*** DATA SHOWN ***

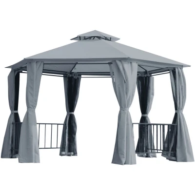 General description Find yourself in the protective cover of an Outsunny gazebo with sides and extend your outdoor enjoyment time. This garden pavilion offers a stable protective covering, making parties, weddings, and family gatherings enjoyable. The gazebo features 12 drain holes to prevent water pooling on top during rain, and the fabric is water, fade, and UV resistant for optimum protection. A powder-coated, rust-resistant steel frame ensures durability for years of use. Technical specifications Item Name: Gazebo Brand Name: Outsunny Material Used: Steel, polyester fabrics Colour: Grey, Black Hexagon side length: 1.97 m Top Height: 2.86 m Eaves Height: 2.05 m Side to Side: 3.31 m Box Dimensions: 174L x 62W x 14H cm, 212L x 34W x 13H cm Flat Pack: YES Assembly Required: YES Box Quantity: 2 Usage Ideal for parties, weddings, and family gatherings throughout the year. Provides protection against outdoor pests, sun, and wind. Other information Features a powder-coated, rust-resistant
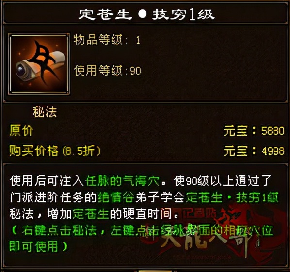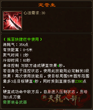 单体控制技能,后续还可以触发2段效果,打出直接伤害。结合状态技能“挥斥方遒”,有一定概率将定苍生瞬发。从前两个技能,我们也可以看出,绝情谷的技能都是一环扣一环的,非常讲究操作,不比桃花岛来得简单。
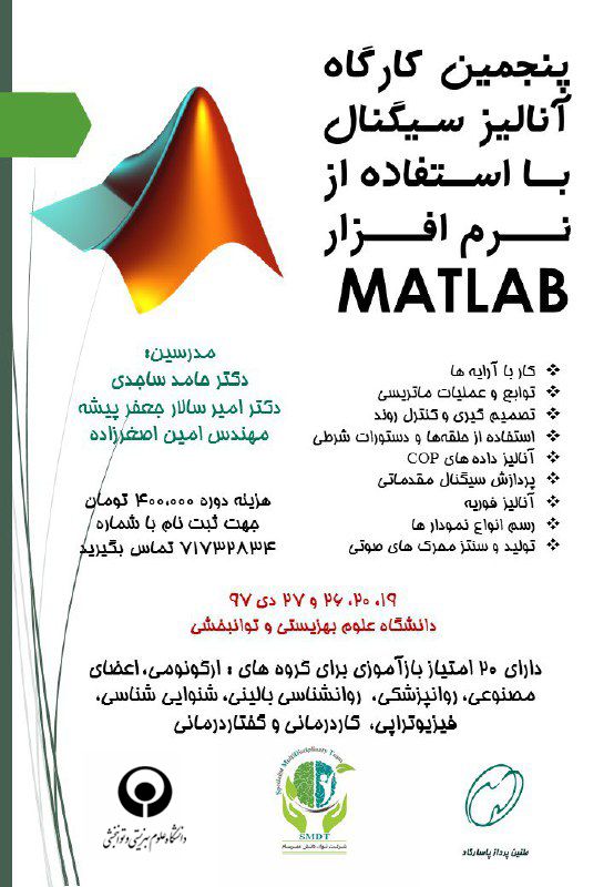 کارگاه پردازش سیگنال با استفاده از نرم افزار MATLAB، به همت شرکت دانش بنیان طنین پرداز پاسارگاد و شرکت دانش بنیان توان دانش مهرسام  که از سابقه  درخشان  در زمینه ارائه خدمات آموزشی، مهندسی و فنی به جامعه متخصصان و محققان حوزه های پزشکی و توانبخشی برخوردارند، برگزار می شود.
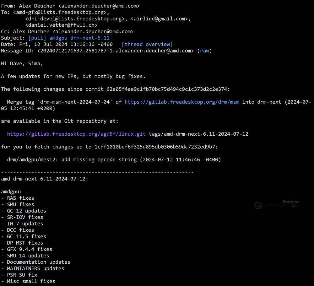 Phoronix báo cáo rằng AMD đã gửi các bản vá RDNA 4 cuối cùng trước khi Linux 6.11 ra mắt, với yêu cầu kéo bao gồm các bản vá sửa lỗi xung quanh các khối IP GFX12.
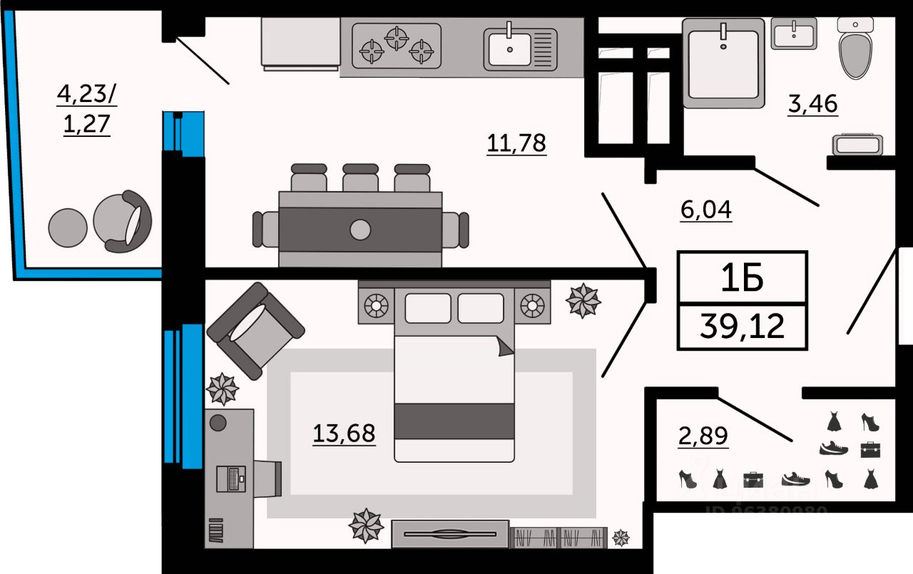 Общая площадь39,46 м2
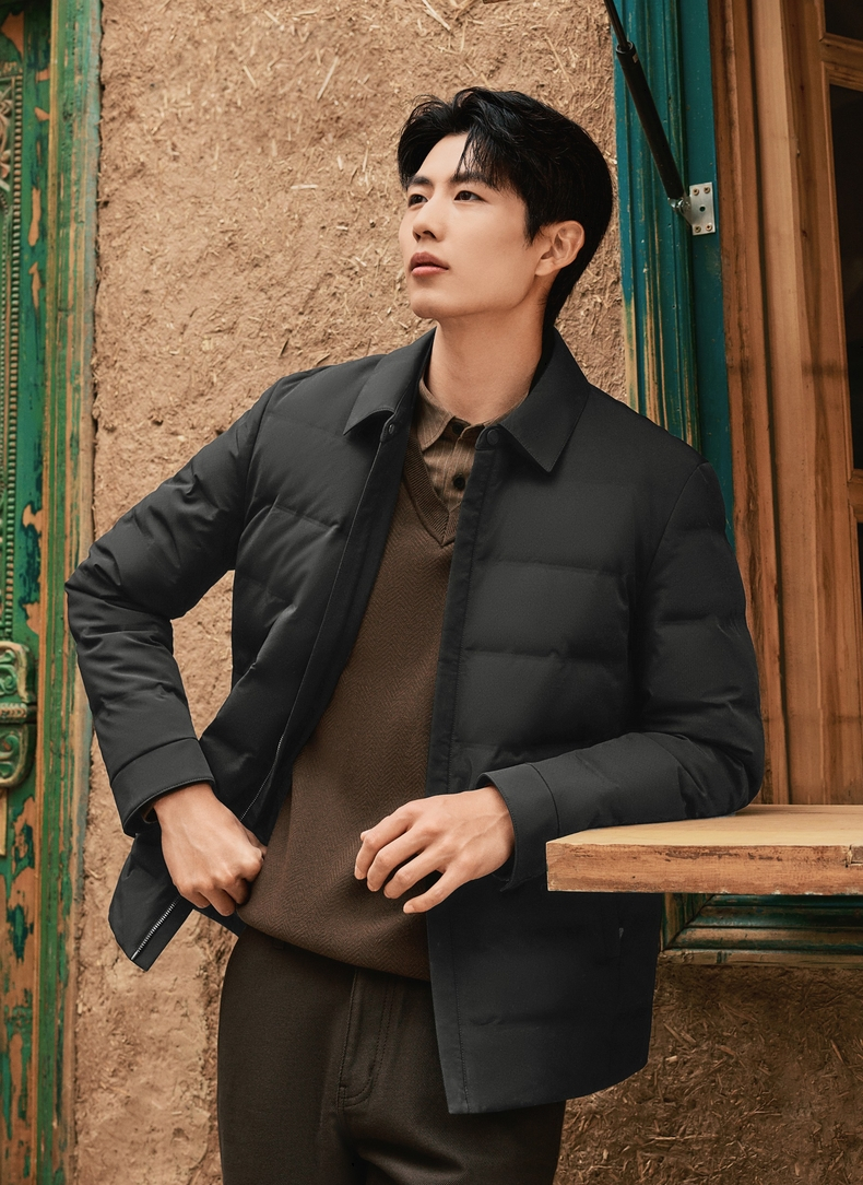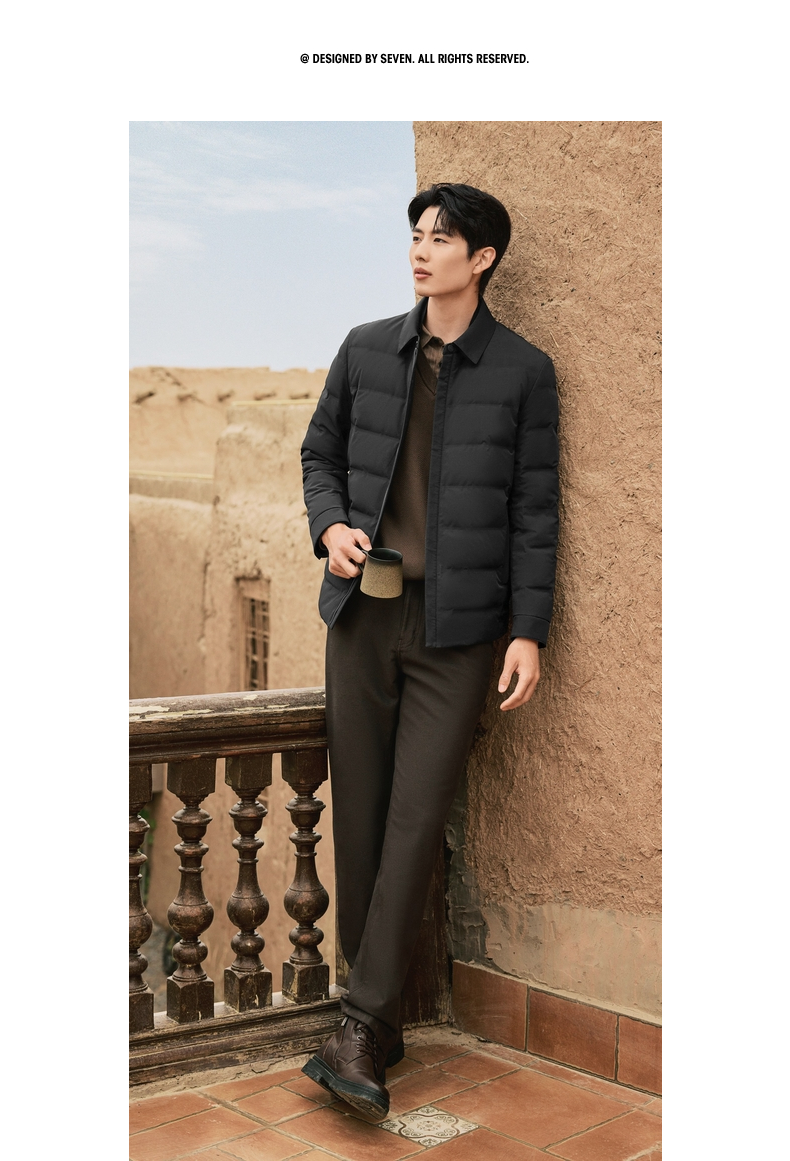 【尼克服/可脱卸兔毛内胆】柒牌翻领双层领抗皱轻微弹保暖外套男129J70760
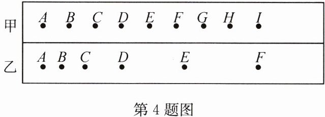 4. 如图所示,甲、乙为某同学用打点计时器测量时间时打出的两条纸带中的一段。打点计时器每打两个点的时间间隔为0.02s。
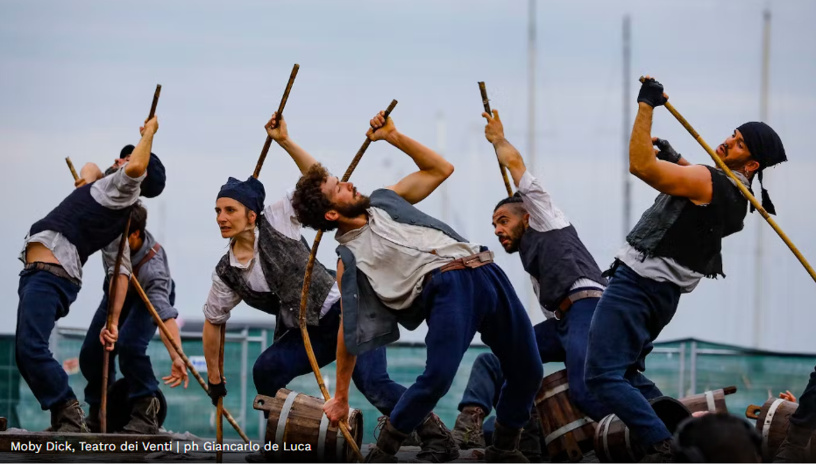 Ispirato al romanzo di Herman Melville, il Moby Dick della Compagnia Teatro dei Venti è un avvicendarsi di lotte e allegre scorribande da cui emergono storie e persone. La nave è guidata dall’ombra del terribile capitano Achab che si lancia alla caccia della mostruosa balena bianca, trascinando con sé l’intero equipaggio in un finale faccia a faccia.

*** End of DATA SHOWN ***

WHAT THIS TASK INVOLVES → Repeat the lines of the records verbatim, starting at the line containing "4. 如图所示,甲、乙为某同" and stopping after the final line. Images stay out.

ANSWER SPACE →
 4. 如图所示,甲、乙为某同学用打点计时器测量时间时打出的两条纸带中的一段。打点计时器每打两个点的时间间隔为0.02s。
 Ispirato al romanzo di Herman Melville, il Moby Dick della Compagnia Teatro dei Venti è un avvicendarsi di lotte e allegre scorribande da cui emergono storie e persone. La nave è guidata dall’ombra del terribile capitano Achab che si lancia alla caccia della mostruosa balena bianca, trascinando con sé l’intero equipaggio in un finale faccia a faccia.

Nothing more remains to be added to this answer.